Starting with a Finnish Corpus

Kati Kallio
Finnish Literature Society and University of Helsinki

Eetu Mäkelä
University of Helsinki Centre for Digital Humanities

Maciej Janicki
University of Helsinki Centre for Digital Humanities


In this essay, we describe early experiments in a computational folkloristics project FILTER aimed at studying formulaic intertextuality, thematic networks and poetic variation across regional cultures of Finnic oral poetry. Due to the vast amount of linguistic and poetic variation and historical biases in the corpora (see e.g. Anttonen 2005; Harvilahti 2013; Tarkka et al. 2018; Ilyefalvi 2018; Mäkelä et al. 2020b), existing automated approaches (see e.g. Moretti 2013) are unusable. Instead, advances must be made through intelligently interleaving computational and manual analysis (Säily et al. 2018; Hämäläinen et al. 2018; Isoaho et al. 2020).

In this project, the idea is to gradually develop tools in tight collaboration between folklorists and computer scientists (Mäkelä et al. 2019; 2020a). The folklorists describe what they tend to do and what they dream of being able to do with the source material, while computer scientists think of what may be possible and how this might be achieved. We first discuss the ideas, proceed to some test computations and then interpret these – and the possible problems – in relation to our humanistic and computational background knowledge of the data itself. If the results seem promising, some prototype interface may be developed, and the folklorists begin experimenting with it, evaluating what does or does not work, and describing what they do so that the computational scientists are able to understand the humanistic needs and the interpretive problems in the data. Folklorists continue dreaming what they would like to do, potentially leading again to new computational solutions and new evaluations in the cycle. In such experiments, even those that are only briefly tried often reveal new aspects of the data and help us to understand it better.

While we aim to build tools and processes that serve our specific project, we are also making them as broadly applicable as possible for researchers working with the same corpus or with similar questions with other materials, particularly for other small languages and oral-derived corpora. On the side of folkloristics, the project builds on the long research history of Finnic oral poems, on advances in computational folkloristics (see e.g. Abello et al. 2012; Arvidson et al. 2018; Harvilahti 2019; Hakamies et al. 2019; Sarv 2019; Tangherlini 2013; 2016) and on discussions with colleagues, especially Frog, Lauri Harvilahti, Janika Oras, Jukka Saarinen, Venla Sykäri and Senni Timonen.

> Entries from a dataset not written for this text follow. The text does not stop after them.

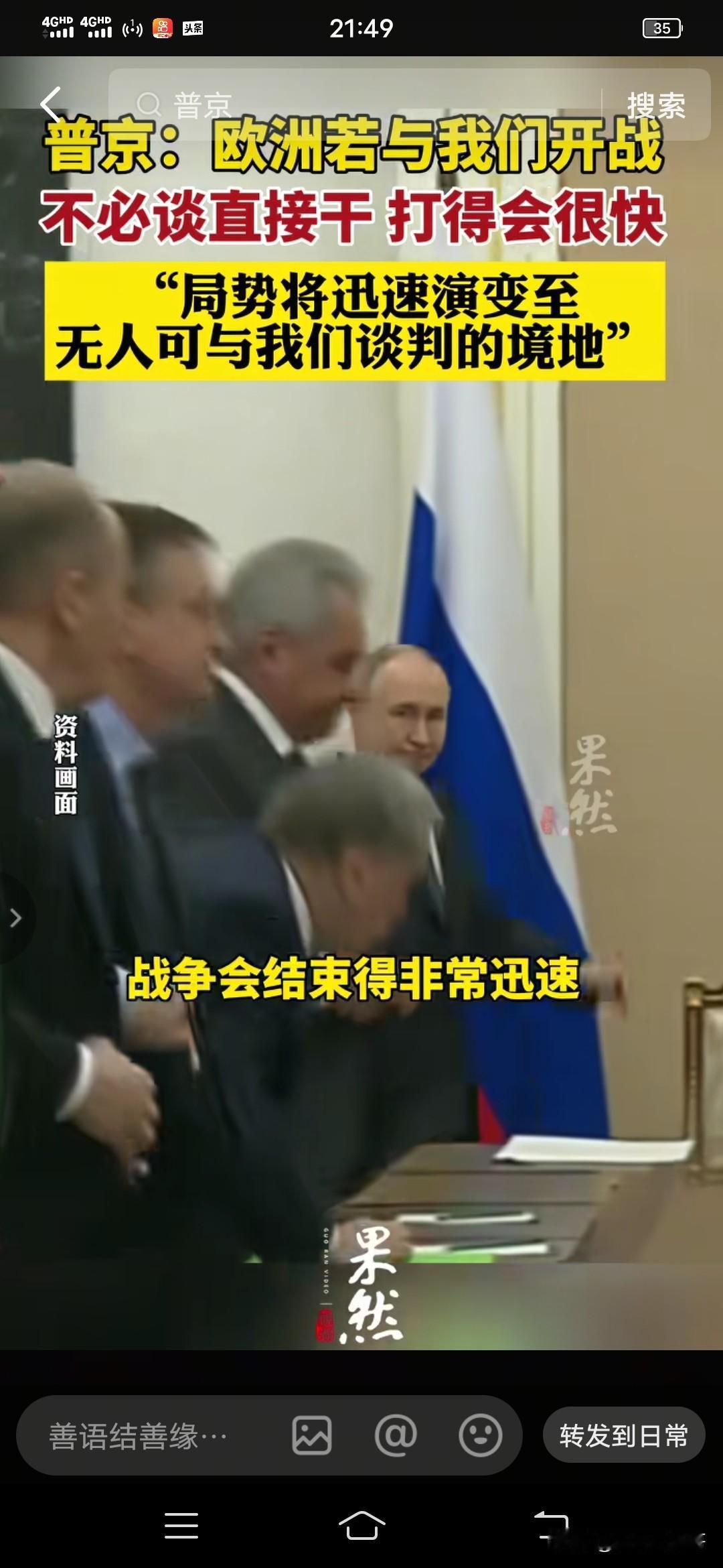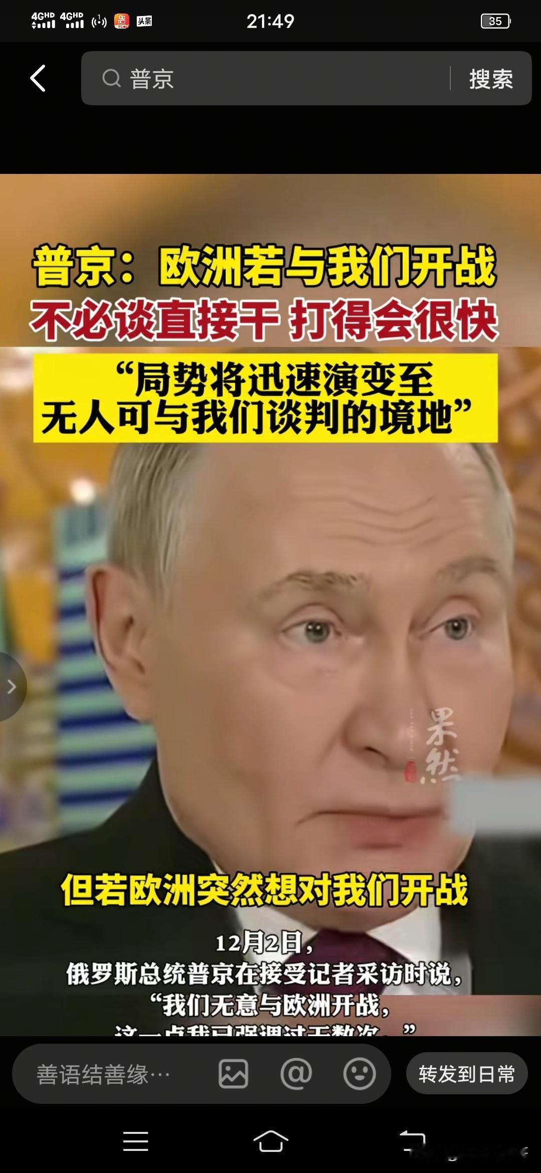 仅仅形容霸气哪里够,分明就是让对方连动手的念头都不敢有! 12月2日,普大帝接受记者采访时警告欧洲:如果欧洲想对俄罗斯突然开战,不用谈,可以直接开打,局势很快演变成无人跟我们谈的境地 ! 听听,敢跟我们打,后果就是无人跟我们谈 ! 没有国际交往的礼节客套,简单,直接, 通俗明白 : 你敢打, 很快就让你无人跟我们谈 ! 仅仅让你失败都不够,事情的严重性 ,而是让你灭亡 ,连投降的机会都没有 ! 普大帝这话可不是随意唬人吹牛的,俄罗斯做事可没有拖泥带水优柔寡断的性格, 决定的事,说干就干 ; 最重要的是有实力 , 俄罗斯拥有庞大的核弹头储备,根据2024年瑞典斯德哥尔摩国际和平研究所报告: 俄罗斯核弹头总数约4380m,其中1710m处于部署状态,2670枚为储存状态。陆基核力量以萨尔马特重型洲际导弹为核心,射程突破1.8万公里,可携带10枚重型核弹头, 速度达20马赫,突防能力极强,现有反导拦截系统拦截成功率低于15%。 有实力,敢说敢做,果断,这就是俄罗斯! 大国可以学一下!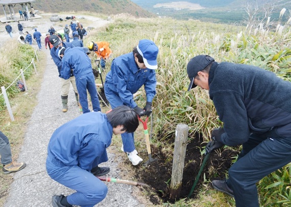 玖珠美山高生徒が九重町の沓掛山で登山道を補修 くじゅう連山保全「携われうれしい」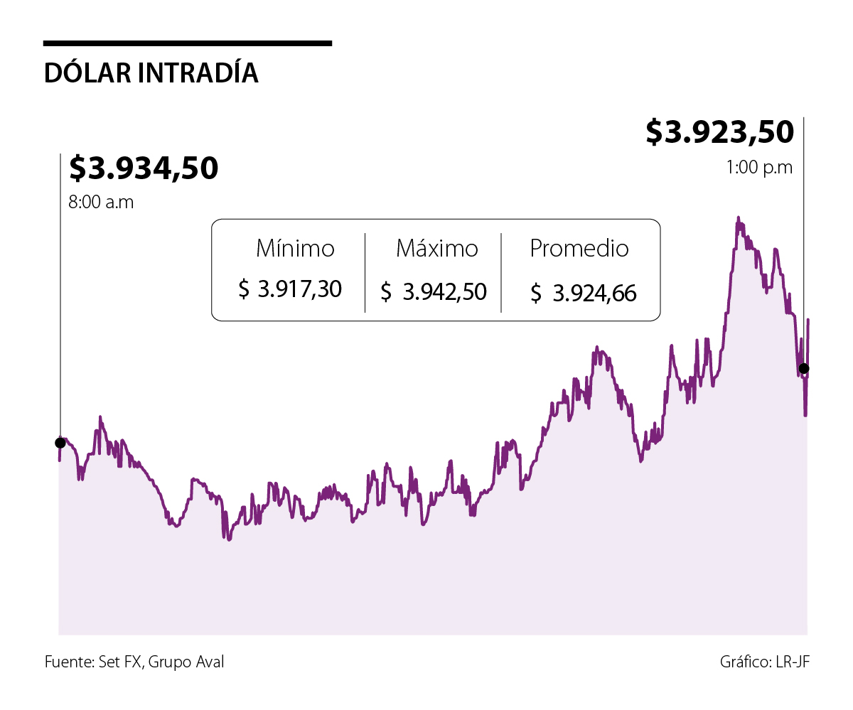 Al cierre del jueves, el dólar alcanzó un precio promedio de $3.924,66, lo que representó una caída de $37 frente a la Tasa Representativa del Mercado (TRM), que se ubicó en $3.961,66.
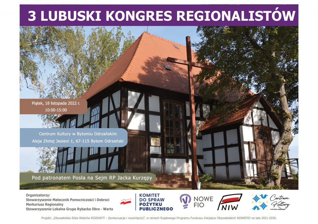 Już jutro! 3 Lubuski Kongres Regionalistów , organizowany w ramach projektu „Obywatelska Róża Wiatrów ROZKWIT! – (kontynuacja i rozwinięcie)”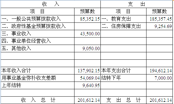 我校2016年预算收入201,612.14万元,比上年增加41,206.25万元,其中:上年结转9,640.95万元,占总收入的4.78%;一般公共预算拨款收入85,352.15万元,占总收入的42.33%;事业收入43,500.00万元,占总收入的21.58%;其他收入9,050.00万元,占总收入的4.49%;用事业基金弥补收支差额54,069.04万元,占总收入的26.82%。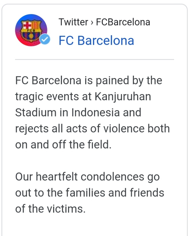 Terhadap kejadian ini, FC Barcelona menyampaikan dukacita yang diunggah melalui akun twitter-nya yang menuliskan “FC Barcelona is pained by the tragic events at Kanjuruhan Stadium in Indonesia and rejects all acts of violence both on and off the field. Our hearfelt condolences go out to thr families and friends of the victims (FC Barcelona berduka atas peristiwa tragis di Stadion Kanjuruhan di Indonesia dan menolak segala tindakan kekerasan baik di dalam maupun di luar lapangan. Belasungkawa tulus kami sampaikan kepada keluarga dan teman-teman para korban),” tulisnya.
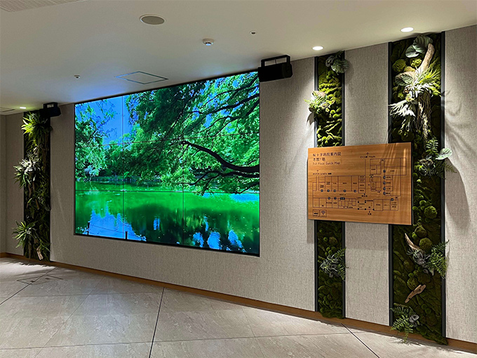 大きなデジタルサイネージと院内の案内マップを囲むクールな壁面緑化のグリーンパネル。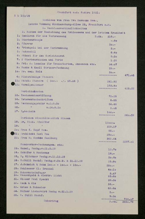 V176 Senckenberg Gesellschaft für Naturforschung, 543 - Verwaltung des Nachlasses von Eva Hermann geb. Ermold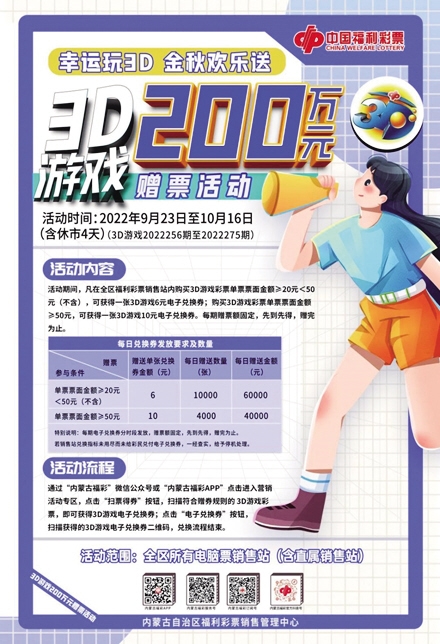 活动期间,凡在全区福利彩票电脑票销售站内购买3D游戏彩票单票票面金额≥20元<50元(不含)的彩民朋友,可获得一张3D游戏6元电子兑换券;购买3D游戏彩票单票票面金额≥50元的购彩者,可获得一张3D游戏10元电子兑换券。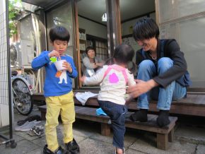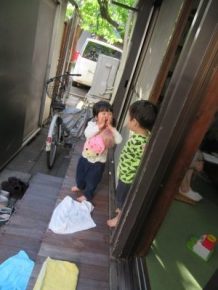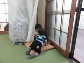 保育園に通いはじめて、ママが帰ってしまうのではないかと思うのか?泣きじゃくるHくんを見守るSくん😿と、覗きに来てくれた大学生ボランティアのKちゃん。みんなにこにこ☺

In this essay, we describe our early experiments thus far. At this stage, the main computational question has been how to help the humanist researcher to find relevant sub-corpora or sets of texts, how to tackle complex textual variation, and what tools might be used to find similar, yet varying instantiations of verses and motifs. The central questions have been: (a) how to define folkloristically relevant research questions that are narrow enough for the development of new tools and yet help to produce and test tools with potential for wider use; and (b) how to analyse and explain the quite complex and versatile processes of reading, contextualising and analysis that folklorists tend to do with historical poetic texts, so that the computational scholars can help to make these processes easier.